# [WHAT THE EXERCISE ASKS]
Starting at the line that contains "Die drei besten" in the listing below, write out every line word for word until you have written the line that contains "選擇了部門(mén)后,點(diǎn)擊".

# [INFORMATION SUPPLIED]
**********

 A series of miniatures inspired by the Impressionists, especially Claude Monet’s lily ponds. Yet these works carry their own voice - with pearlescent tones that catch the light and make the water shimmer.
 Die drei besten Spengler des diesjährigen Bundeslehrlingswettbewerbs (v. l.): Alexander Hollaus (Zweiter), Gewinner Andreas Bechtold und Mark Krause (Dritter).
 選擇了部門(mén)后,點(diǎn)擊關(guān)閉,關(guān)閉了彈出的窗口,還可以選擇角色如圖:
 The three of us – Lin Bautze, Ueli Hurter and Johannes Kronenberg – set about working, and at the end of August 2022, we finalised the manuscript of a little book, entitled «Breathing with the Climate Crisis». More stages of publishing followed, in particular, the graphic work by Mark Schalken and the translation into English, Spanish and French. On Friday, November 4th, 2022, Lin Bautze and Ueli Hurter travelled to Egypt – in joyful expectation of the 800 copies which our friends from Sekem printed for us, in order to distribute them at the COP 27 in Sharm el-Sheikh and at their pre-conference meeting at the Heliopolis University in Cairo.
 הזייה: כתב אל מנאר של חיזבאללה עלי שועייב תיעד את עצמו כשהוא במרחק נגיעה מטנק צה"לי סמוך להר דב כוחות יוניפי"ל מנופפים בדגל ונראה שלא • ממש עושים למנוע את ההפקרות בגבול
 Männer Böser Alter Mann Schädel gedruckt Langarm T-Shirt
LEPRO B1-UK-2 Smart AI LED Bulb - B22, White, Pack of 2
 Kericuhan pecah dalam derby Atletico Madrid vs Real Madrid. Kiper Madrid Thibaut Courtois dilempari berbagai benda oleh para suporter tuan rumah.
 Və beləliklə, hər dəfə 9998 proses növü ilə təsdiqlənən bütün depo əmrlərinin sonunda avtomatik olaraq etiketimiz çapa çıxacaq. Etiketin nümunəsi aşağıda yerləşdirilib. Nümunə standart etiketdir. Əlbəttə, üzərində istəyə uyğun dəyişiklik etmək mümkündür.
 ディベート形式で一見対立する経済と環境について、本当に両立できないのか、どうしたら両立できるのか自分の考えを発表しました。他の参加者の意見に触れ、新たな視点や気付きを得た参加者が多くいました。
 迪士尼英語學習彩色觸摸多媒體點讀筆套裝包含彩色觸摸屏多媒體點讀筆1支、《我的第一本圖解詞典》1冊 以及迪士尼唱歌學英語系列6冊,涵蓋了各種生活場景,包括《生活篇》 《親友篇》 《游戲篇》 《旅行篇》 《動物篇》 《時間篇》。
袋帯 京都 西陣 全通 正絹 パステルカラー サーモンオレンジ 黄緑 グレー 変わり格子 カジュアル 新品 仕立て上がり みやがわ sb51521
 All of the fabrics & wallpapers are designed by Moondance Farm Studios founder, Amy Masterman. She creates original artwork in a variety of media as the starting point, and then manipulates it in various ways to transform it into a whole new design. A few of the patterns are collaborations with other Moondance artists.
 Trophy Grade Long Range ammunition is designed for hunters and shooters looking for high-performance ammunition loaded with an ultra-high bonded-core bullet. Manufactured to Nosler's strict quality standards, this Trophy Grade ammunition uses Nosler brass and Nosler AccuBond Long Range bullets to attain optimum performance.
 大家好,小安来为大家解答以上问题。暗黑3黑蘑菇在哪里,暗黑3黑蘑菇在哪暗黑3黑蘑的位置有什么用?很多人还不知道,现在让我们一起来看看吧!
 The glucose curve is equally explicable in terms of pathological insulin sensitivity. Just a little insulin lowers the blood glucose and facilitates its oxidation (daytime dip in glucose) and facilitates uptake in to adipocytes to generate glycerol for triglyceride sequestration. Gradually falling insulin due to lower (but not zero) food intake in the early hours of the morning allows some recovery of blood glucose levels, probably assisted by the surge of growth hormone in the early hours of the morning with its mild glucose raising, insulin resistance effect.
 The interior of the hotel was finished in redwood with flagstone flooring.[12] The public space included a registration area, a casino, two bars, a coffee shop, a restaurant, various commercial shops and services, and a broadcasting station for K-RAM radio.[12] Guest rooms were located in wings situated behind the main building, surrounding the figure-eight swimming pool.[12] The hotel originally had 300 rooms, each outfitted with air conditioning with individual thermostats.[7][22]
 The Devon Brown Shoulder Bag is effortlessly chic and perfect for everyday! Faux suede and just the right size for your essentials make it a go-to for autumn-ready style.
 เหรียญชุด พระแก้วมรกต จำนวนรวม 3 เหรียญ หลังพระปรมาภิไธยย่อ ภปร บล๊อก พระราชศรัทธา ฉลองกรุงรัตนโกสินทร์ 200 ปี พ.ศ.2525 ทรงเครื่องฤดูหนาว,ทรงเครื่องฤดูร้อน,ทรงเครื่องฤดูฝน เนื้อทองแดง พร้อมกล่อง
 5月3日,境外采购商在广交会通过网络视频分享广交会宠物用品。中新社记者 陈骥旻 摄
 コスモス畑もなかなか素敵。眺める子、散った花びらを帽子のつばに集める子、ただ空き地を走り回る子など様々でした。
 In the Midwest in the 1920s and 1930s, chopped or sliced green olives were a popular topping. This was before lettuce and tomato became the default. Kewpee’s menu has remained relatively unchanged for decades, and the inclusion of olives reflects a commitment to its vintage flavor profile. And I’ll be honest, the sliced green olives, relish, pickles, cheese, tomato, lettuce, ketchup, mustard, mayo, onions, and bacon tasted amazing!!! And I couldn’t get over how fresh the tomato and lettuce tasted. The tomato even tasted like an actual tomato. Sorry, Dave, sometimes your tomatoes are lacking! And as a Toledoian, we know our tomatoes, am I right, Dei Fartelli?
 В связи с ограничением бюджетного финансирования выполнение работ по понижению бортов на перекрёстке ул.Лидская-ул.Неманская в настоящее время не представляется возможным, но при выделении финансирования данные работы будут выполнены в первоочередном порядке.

**********

# [EXERCISE RESULT]
 Die drei besten Spengler des diesjährigen Bundeslehrlingswettbewerbs (v. l.): Alexander Hollaus (Zweiter), Gewinner Andreas Bechtold und Mark Krause (Dritter).
 選擇了部門(mén)后,點(diǎn)擊關(guān)閉,關(guān)閉了彈出的窗口,還可以選擇角色如圖:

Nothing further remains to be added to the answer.